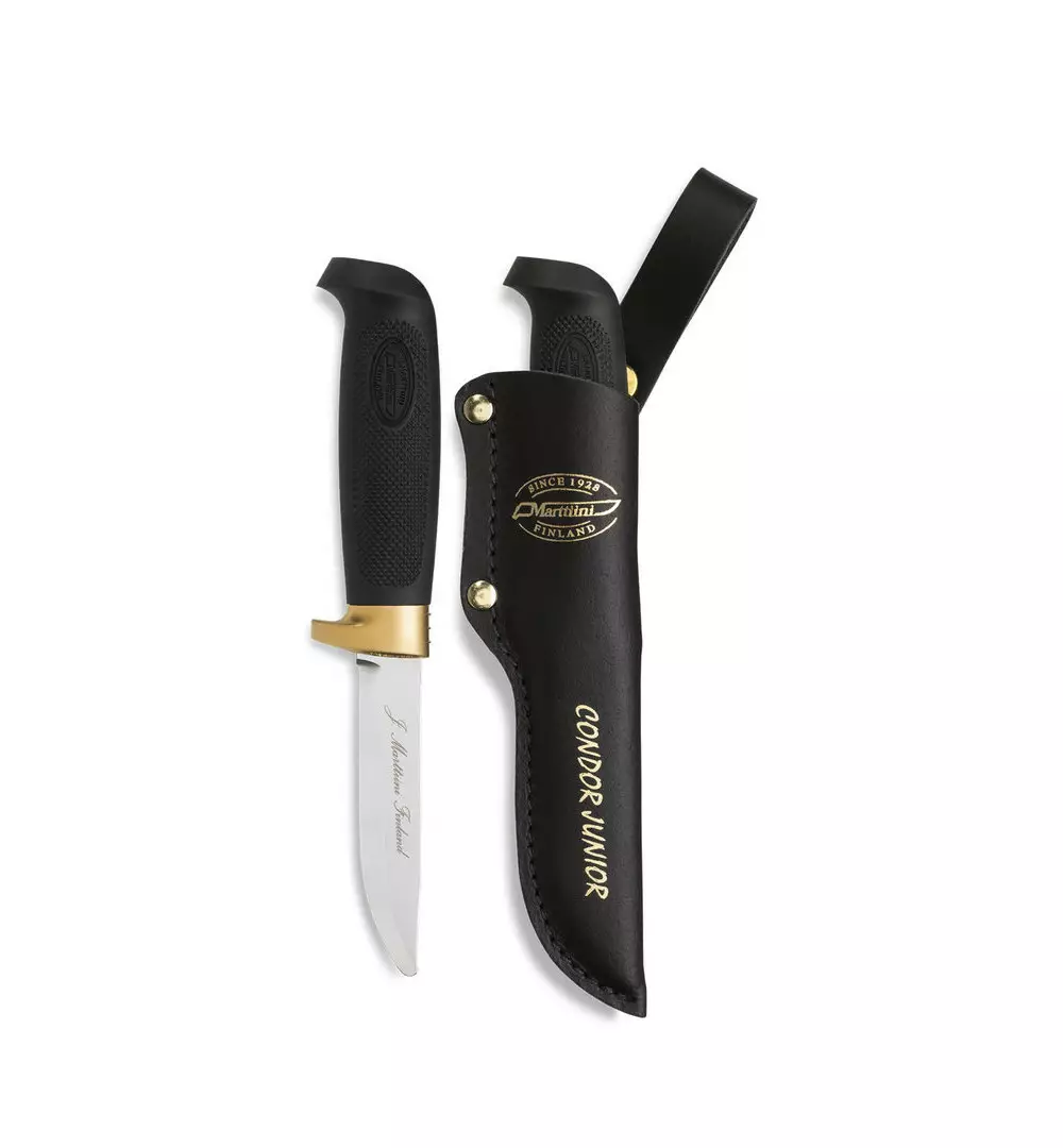 Marttiini Condor Junior is the first knife for young users. Safe, rounded tip protects little carvers from puncture wounds and cuts. The blade material is easy-to-care stainless chrome steel. The blade's bevel and sharpening angle are the same as those of a larger carving knife. The textured rubber handle and finger guard ensure a firm grip. The handle is also the right size for a child's hand. Naturally, a proper knife comes with a real leather sheath.
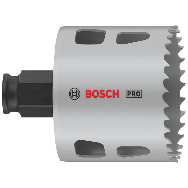 The Bosch PRO Multi Material PC Plus Hole Saw with an enhanced tooth design for fast and smooth cuts and high-cobalt HSS alloy teeth for longevity. It tackles steel cladding and drywall effectively.
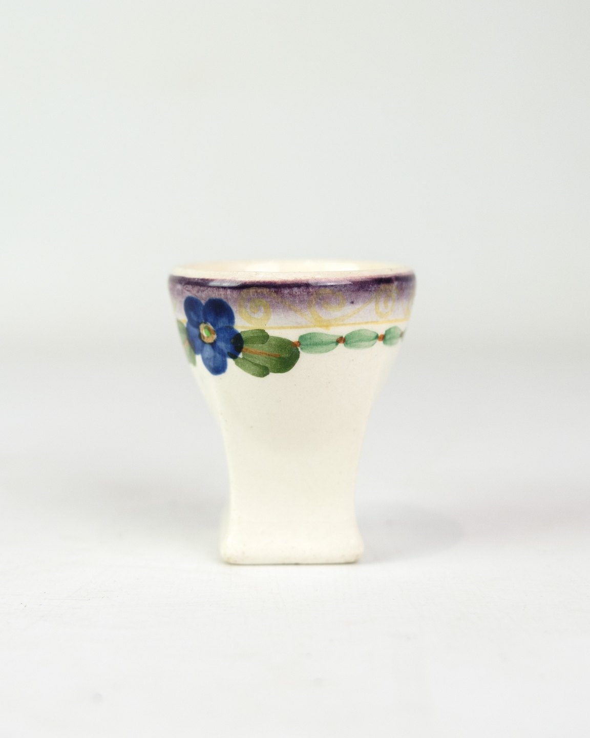 This egg cup, model 624/140, is made of earthenware and beautifully hand-painted with fine details. Their classic design and craftsmanship make them both practical and decorative elements for any table setting.
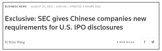 路透社8月24日独家报道称,美国证券交易委员会(SEC)已开始向寻求赴美上市的中国企业提出新的披露要求,其中包括披露更多所谓“中国监管者干预企业数据安全政策”的风险,以提高投资者... |
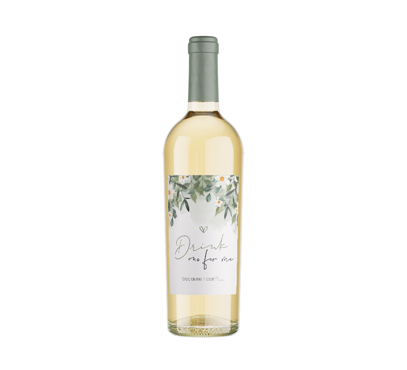 Aankondiging zwangerschap wijnetiket met bloemen - 5 per vel
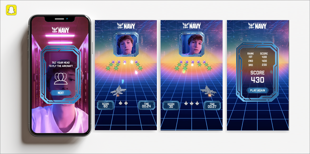 Our Navy team has partnered with Snap Chat to generate these 2 stunning and wildly engaging lenses. ‘Launch It’ uses hand gesture recognition to put the user in the shoes of the fight deck crew to launch a jet. ‘Cyber Invaders’ turns you into a Cyber Warfare Engineer who’s fighting off a cyber attack.
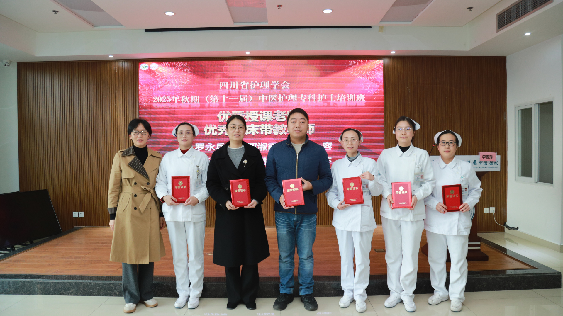 会上,与会领导为师生颁发了“最佳理论考核奖”“最佳操作能手”“最佳个案汇报风采”“优秀班干部”“优秀学员”“优秀授课教师”“优秀临床带教老师”“优秀带教科室”等荣誉证书,并为全体学员颁发了结业证书。
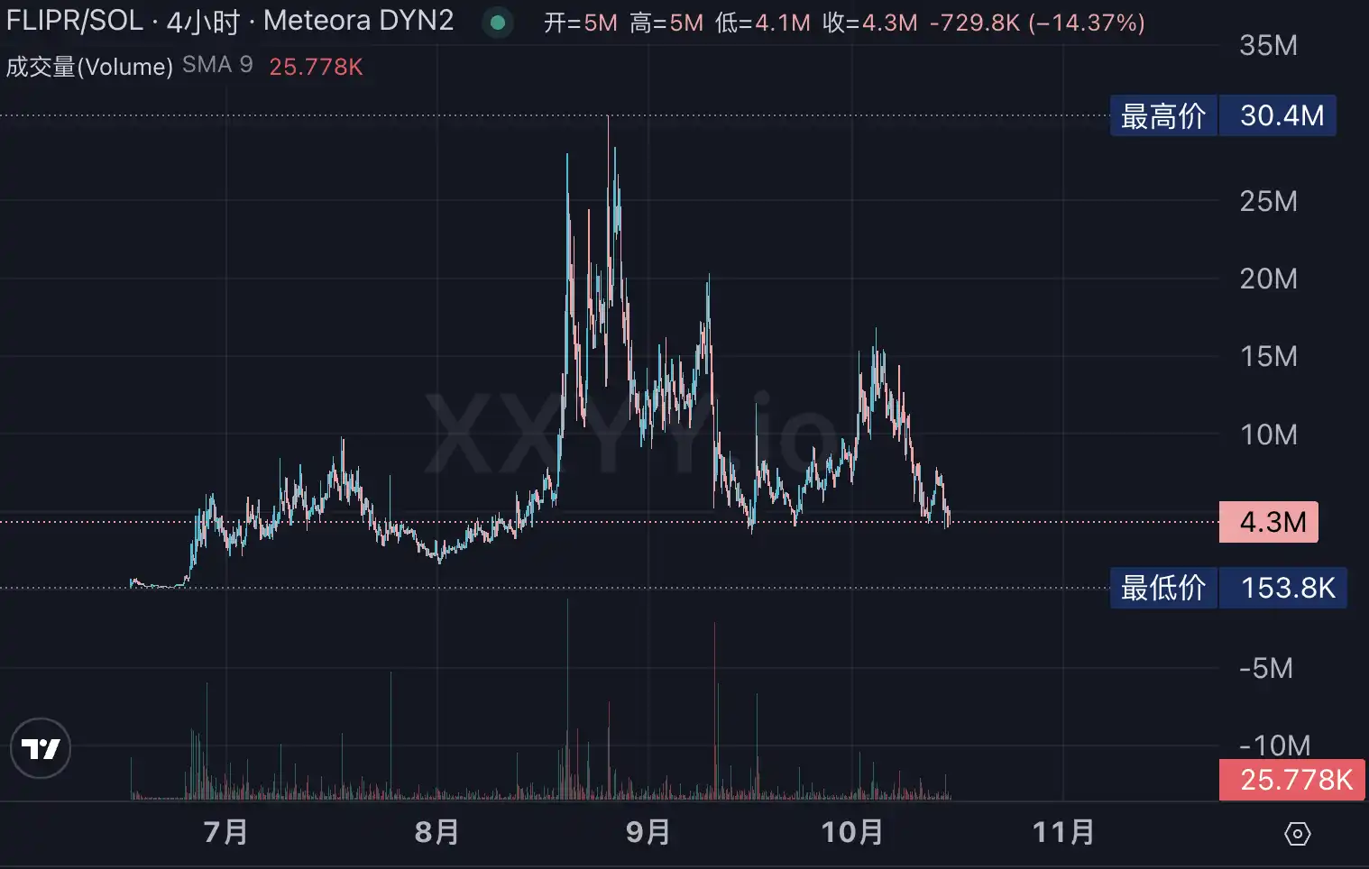 而其代幣 $FLIPR 自 6 月上線以來,最高點達 3000 萬美元市值,現熱度退卻後回調至 430 萬美元週邊。
■ ■ ■
### THE TASK
Copy exactly, and copy nothing else: the lines from the start of the data above through the line that holds "The Bosch PRO". The pictures stay out.

### RESPONSE
 Marttiini Condor Junior is the first knife for young users. Safe, rounded tip protects little carvers from puncture wounds and cuts. The blade material is easy-to-care stainless chrome steel. The blade's bevel and sharpening angle are the same as those of a larger carving knife. The textured rubber handle and finger guard ensure a firm grip. The handle is also the right size for a child's hand. Naturally, a proper knife comes with a real leather sheath.
 The Bosch PRO Multi Material PC Plus Hole Saw with an enhanced tooth design for fast and smooth cuts and high-cobalt HSS alloy teeth for longevity. It tackles steel cladding and drywall effectively.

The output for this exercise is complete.